Discover the origin of the huge bubbles above and below the center of the Milky Way

The eROSITA telescope discovered in 2019 a gigantic pair of X-radiation-emitting bubbles, each about 36.000 light-years tall and 45.600 light-years wide, above and below the center of our Milky Way galaxy. These bubbles were curiously very similar to two others found by another gamma-ray observatory, Fermi, a decade earlier. Somewhat smaller, they seemed to be swallowed.

What could have caused these two pairs of giants has until now been a mystery. But their similarities in size and shape suggest that they must have been ejected by the same cataclysmic event, some terrifying power of energy erupting from the core of our galaxy. a new study

published in 'Nature Astronomy' by an international team suggests that the bubbles are the result of a powerful jet of energy produced by Sagittarius A*, the supermassive black hole at the center of the Milky Way. It began to shed material about 2,6 million years ago and appeared about 100.000.

“Our conclusions are important in the sense that it is necessary to understand how the black magicians interact with the galaxies in the area you are in, because this interaction allows these black magicians to create a controlled form in the light of [growing] uncontrollably” says Mateusz Ruszkowski, an astronomer at the University of Michigan and a co-author of the study.

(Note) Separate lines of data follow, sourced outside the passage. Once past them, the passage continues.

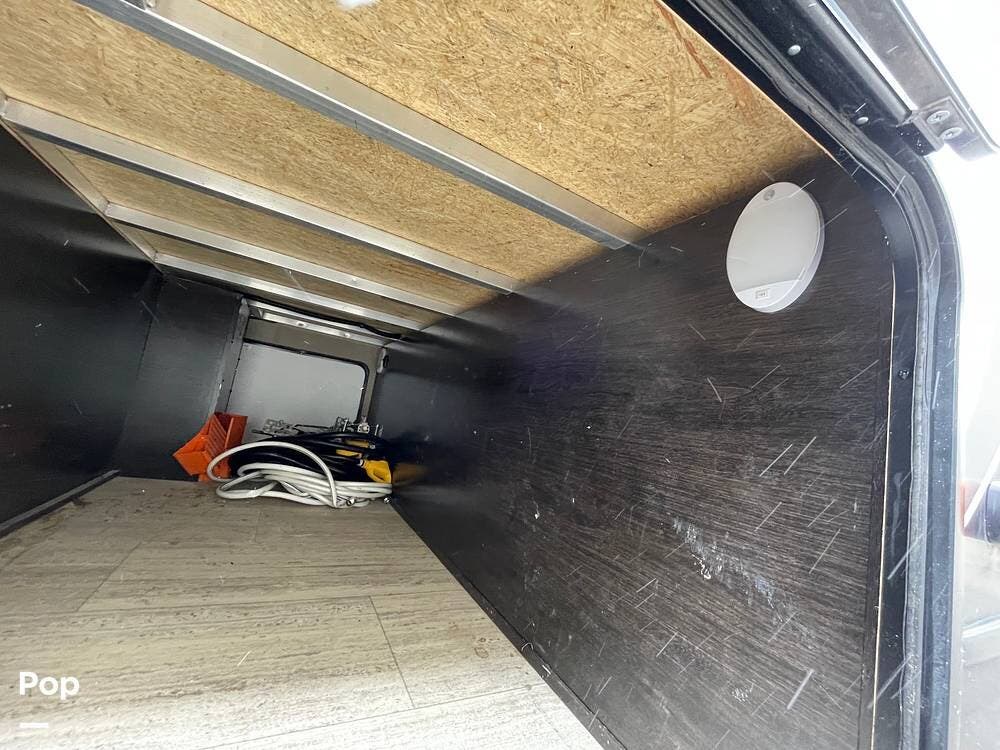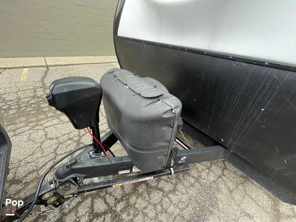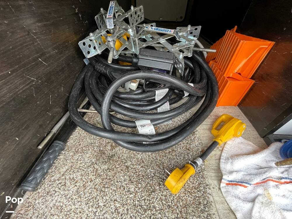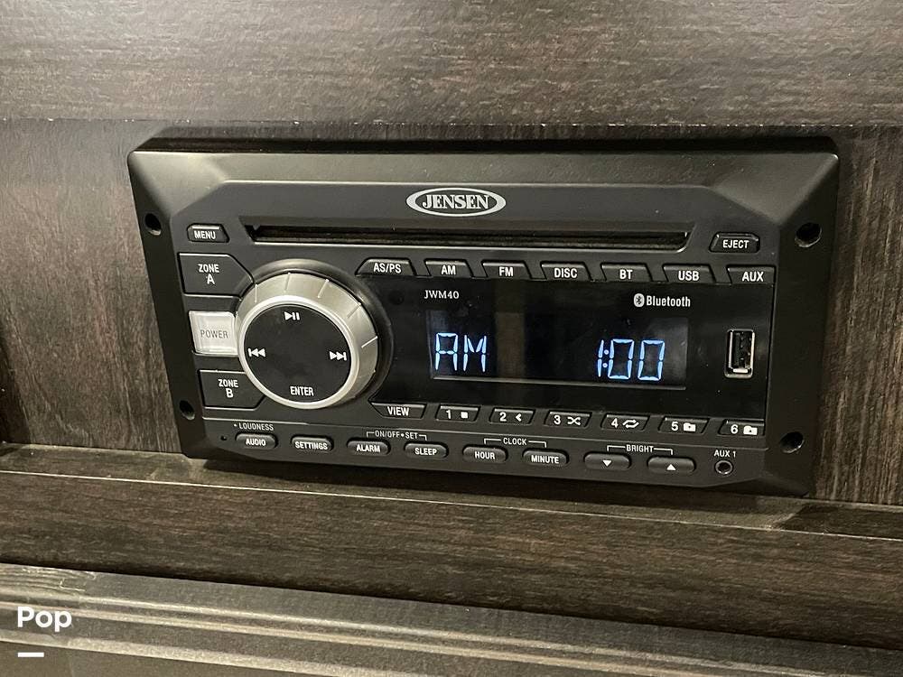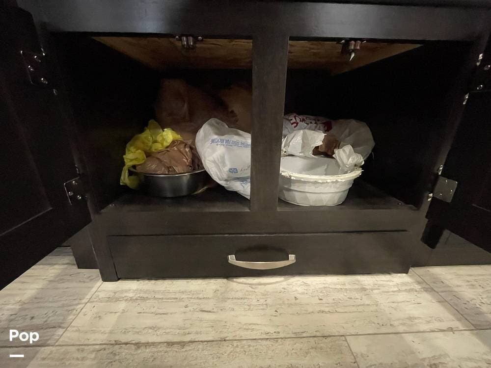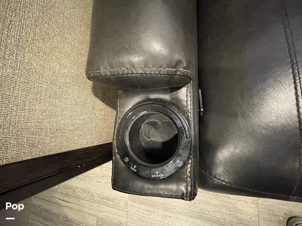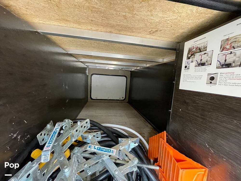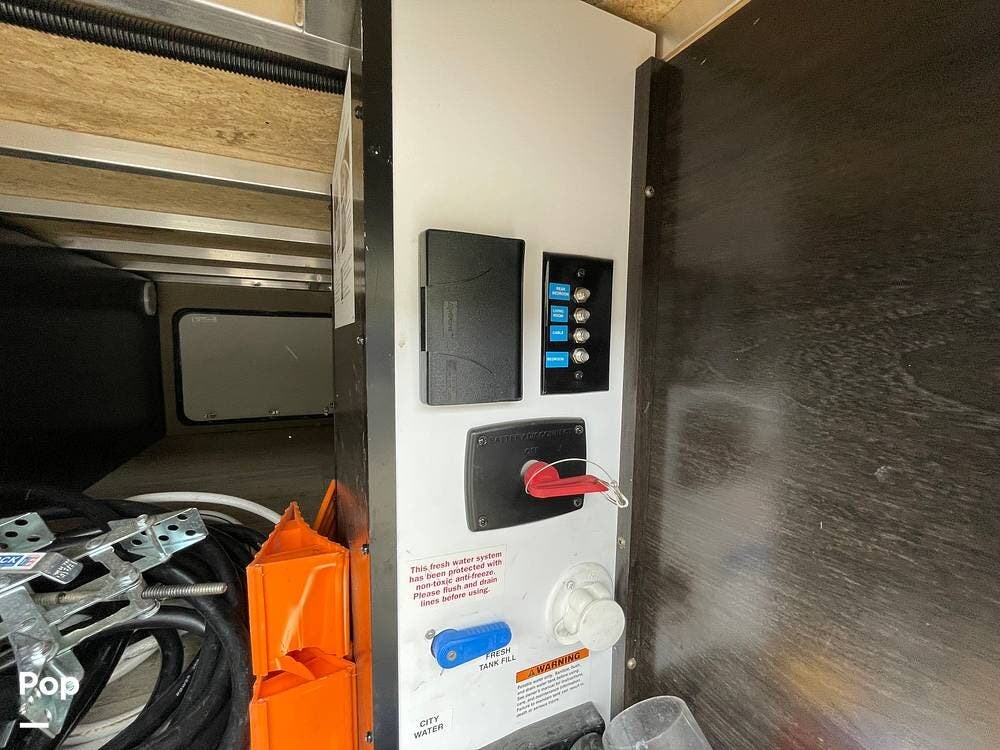 The exterior standards include a power awning with LED light stripping, a power tongue jack, black tank flush, and exterior speakers.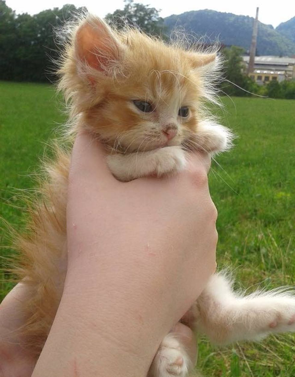 A tiny ginger kitten was lost in the woods, wandering around meowing for her mom.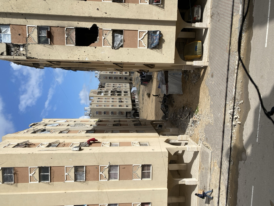 - "The image depicts a damaged urban residential area in Khan Yunis, Palestinian Territory, under a blue sky with scattered white clouds" by FM-GOCB12, licensed under CC BY 4.0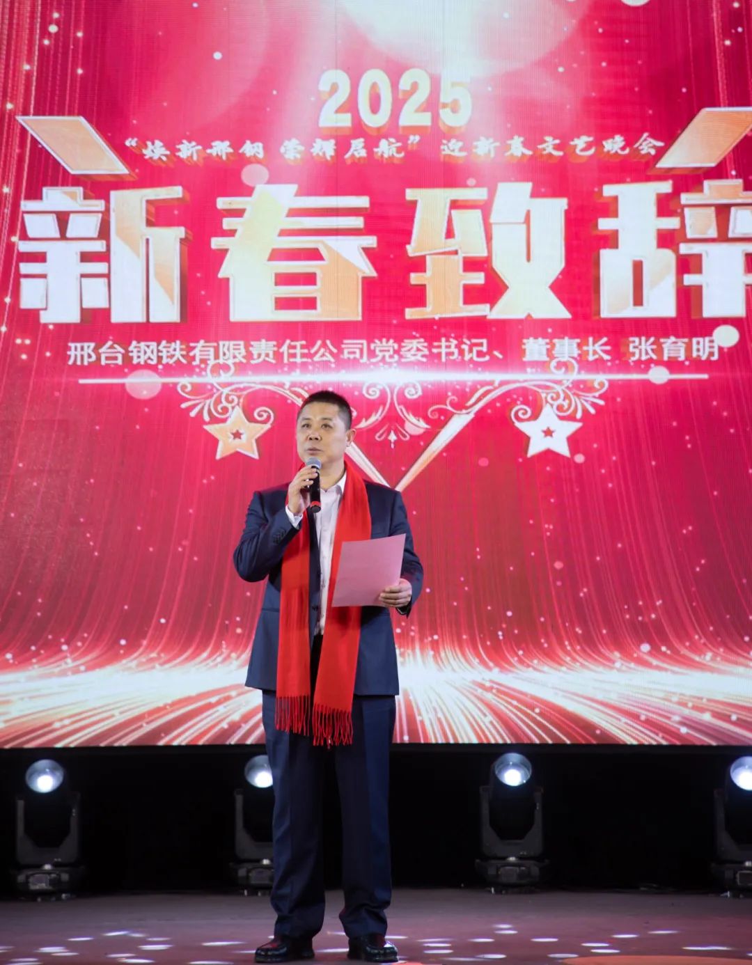 歲序更替,華章日新。1月22日,以“煥新邢鋼,榮耀啟航”為主題的邢鋼2025年新春聯(lián)歡會(huì)在公司會(huì)議中心炫彩啟帷。公司黨委書(shū)記、董事長(zhǎng)張育明攜公司全體中高層領(lǐng)導(dǎo)與2024年受表彰的先進(jìn)個(gè)人、員工代表歡聚一堂,喜迎乙巳年新春。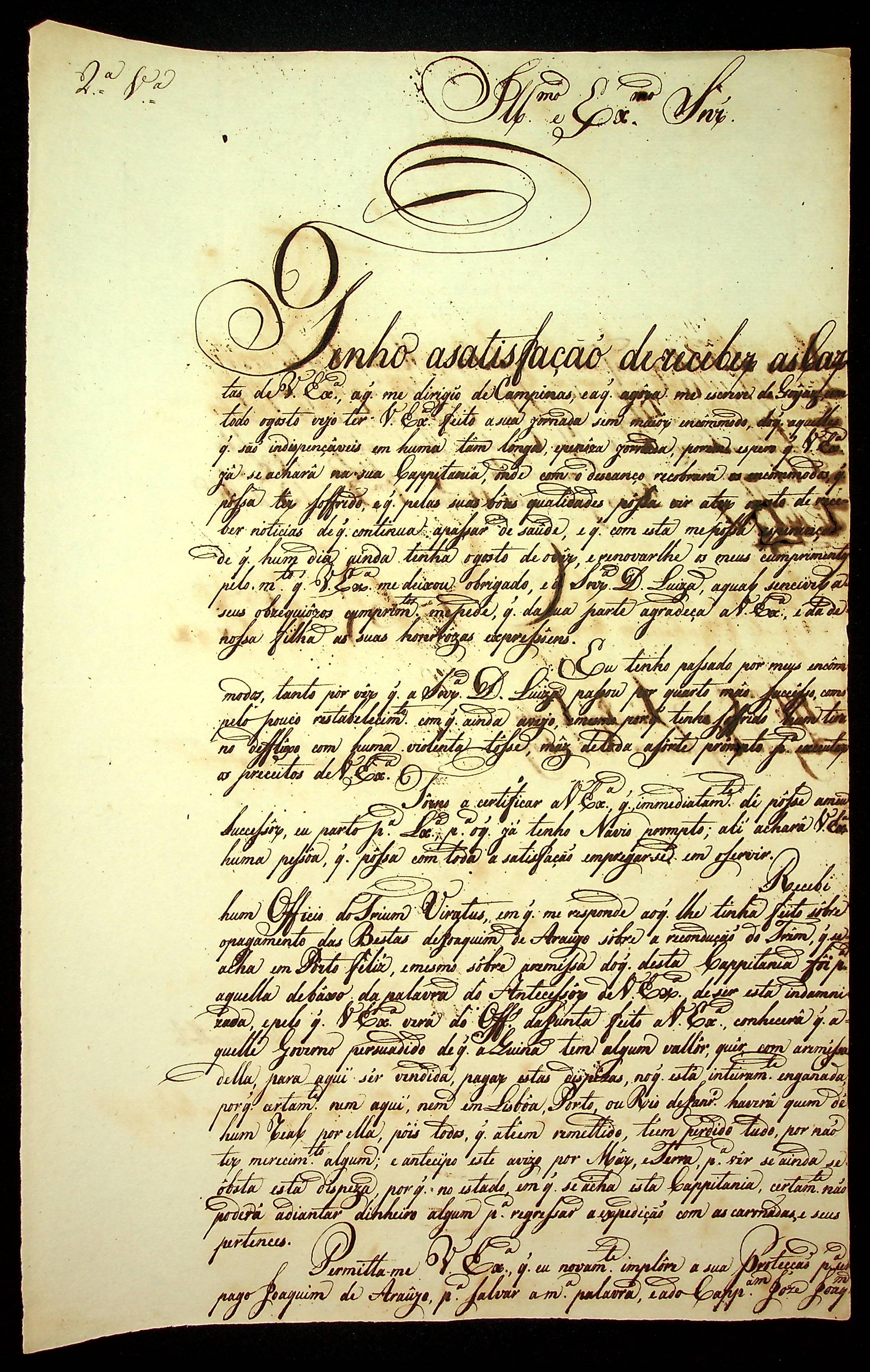 CARTA de Antônio José da [França] Horta ao [Governador e Capitão-General da Capitania de Mato Grosso] João Carlos Augusto de Oeynhausen e Gravemberg.
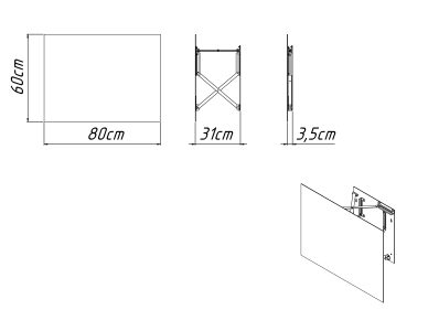 Wymiary: 80 szer. x 60 wys. x 4 gł. cm

There are two competing models that explain Fermi and eRosita bubbles. The first suggests that the outflow is driven by a nuclear outburst, in which a star explodes into a supernova and expels material. The second model, which the team's findings support, suggests that these outflows are driven by energy ejected from the supermassive black hole at the center of our galaxy.

past active

Black holes are singular objects, so massive that not even light can escape. However, when black holes 'fill up' with material from their surroundings, they can create pairs of high-energy jets of matter that shoot in opposite directions at relativistic speeds, a significant fraction of the speed of light. According to the model made by astronomers, these very powerful jets lasted around 100.000 years. It engulfed up to 10,000 times the mass of the Sun during this time.

Astronomers are interested in observing these bubbles because they occur in our own galactic backyard as opposed to objects in a different galaxy or at an extreme cosmological distance. The existence of the bubbles indicates that Sagittarius A* had a much more active past compared to its current apparent calm. These activities give researchers valuable information about how the supermassive black hole and the galaxy grew to their current sizes. The findings can also be used to find out if there are similar bubbles in other galaxies.